Fiscal aspects when purchasing a holiday accommodation in The Netherlands

Various fiscal aspects are involved when you purchase a holiday accommodation in The Netherlands. This includes, for instance, transfer tax, VAT and income tax. The differences between these fiscal aspects depend on the purposes for which you purchase a holiday accommodation.

How will you be using the holiday accommodation?


Holiday accommodation for private use

Transfer tax
When purchasing a holiday accommodation for full private use, one of the following three situations will present itself.

  1. You are purchasing a new holiday accommodation.
  2. You are purchasing an existing holiday accommodation that was first used two years ago at most.
  3. You are purchasing an existing holiday accommodation that was first used more than two years ago.

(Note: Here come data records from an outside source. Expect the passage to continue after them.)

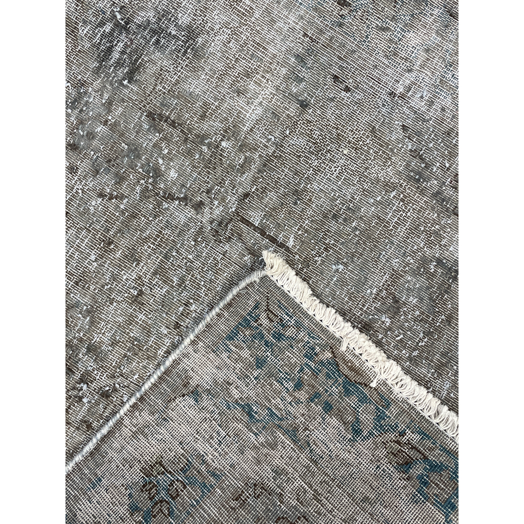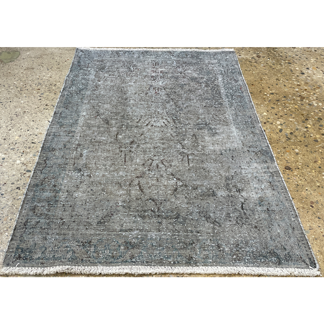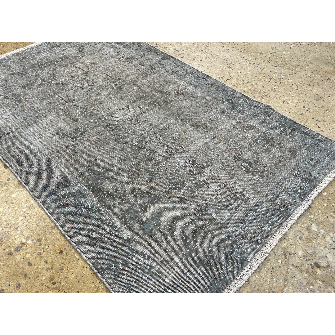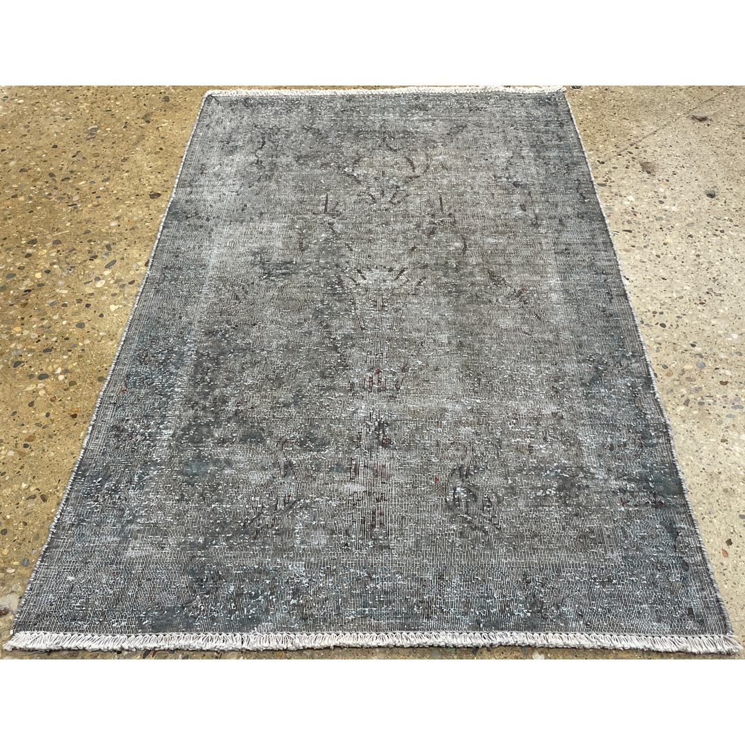 Embrace the beauty of imperfection with this distinctively distressed 2’10” x 4’8″ ft. vintage Tabriz rug. This genuine hand-knotted piece has been transformed through time and artistry to feature a moody, monochromatic palette of steel gray, charcoal, and slate blue. The original intricate floral medallion design is now a subtle ghost beneath the texture, creating a sophisticated, abstract look that bridges the gap between antique heritage and modern industrial style. Perfect for adding depth and edge to a small space, this unique rug serves as a striking foundation for an entryway, powder room, or bedside.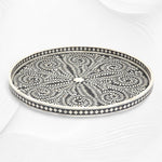 Large Round Bone Inlay Tray Floral Design Black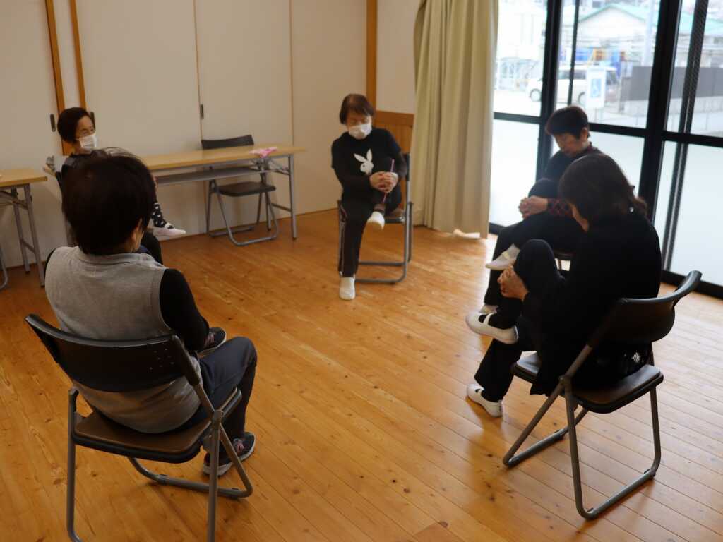 | 今年度1回目の体操会が開催されました。座位でできるストレッチを中心に実施しました。参加者の皆さんで回数をカウントしながら、手足の先から入念に伸ばしました。曇り空で肌寒い陽気でしたが、全身のストレッチが終わる頃には身体がぽかぽかと温まり、参加者からは「さっきまで寒くて暖房つけようと話していたのが嘘みたいに身体が熱くなってきたね」という声が聞かれました。今年度も健康維持のために身体づくりに励んでいきましょう! 健康体操の会は毎月第1・第3土曜日9:30~開催しています。おしゃべりも楽しみながら、和気あいあいと活動しています。次回は4月18日(土)の開催です。 ~4月4日生駒公民館にて |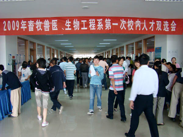 近日,畜牧兽医系、生物工程系、经济贸易系、机电工程系、信息工程系和社会科学与艺术系等六个系在校内成功举办了2009年第一次毕业生双选会。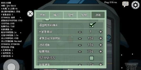 4、这里提供了丰富的设置选项,涵盖玩家移动速度、投票时长、视野范围以及任务数量等多项内容。
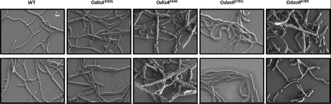 S. erythraea野生型(WT)、過表達DisAK66Q(OdisAK66Q)、過表達DisAK66R(OdisAK66R)、過表達DasRK78Q(OdasRK78Q)和過表達DasRK78R(OdasRK78R)菌株在30°C下于R2YE agar上培養96小時后的掃描電子顯微照片。圖像放大倍數為×5000。兩次重復實驗中結果相似的代表性圖片。

In the first two situations, an exemption of the transfer tax applies. In the third situation, the 2% transfer tax is owed.

VAT
A new holiday accommodation or a holiday accommodation that was first used two years ago at most is taxed with 21% VAT. This VAT cannot be reclaimed with the Tax Authority.

Income tax
The purchase of a (new or used) holiday accommodation is taxed for income tax using box 3. The tax base is the WOZ value of the year preceding the one for which taxes are declared.

More information?
Would you like more information about the fiscal aspects when purchasing a holiday accommodation for private use? Schedule an appointment with one of our advisers free of commitment*.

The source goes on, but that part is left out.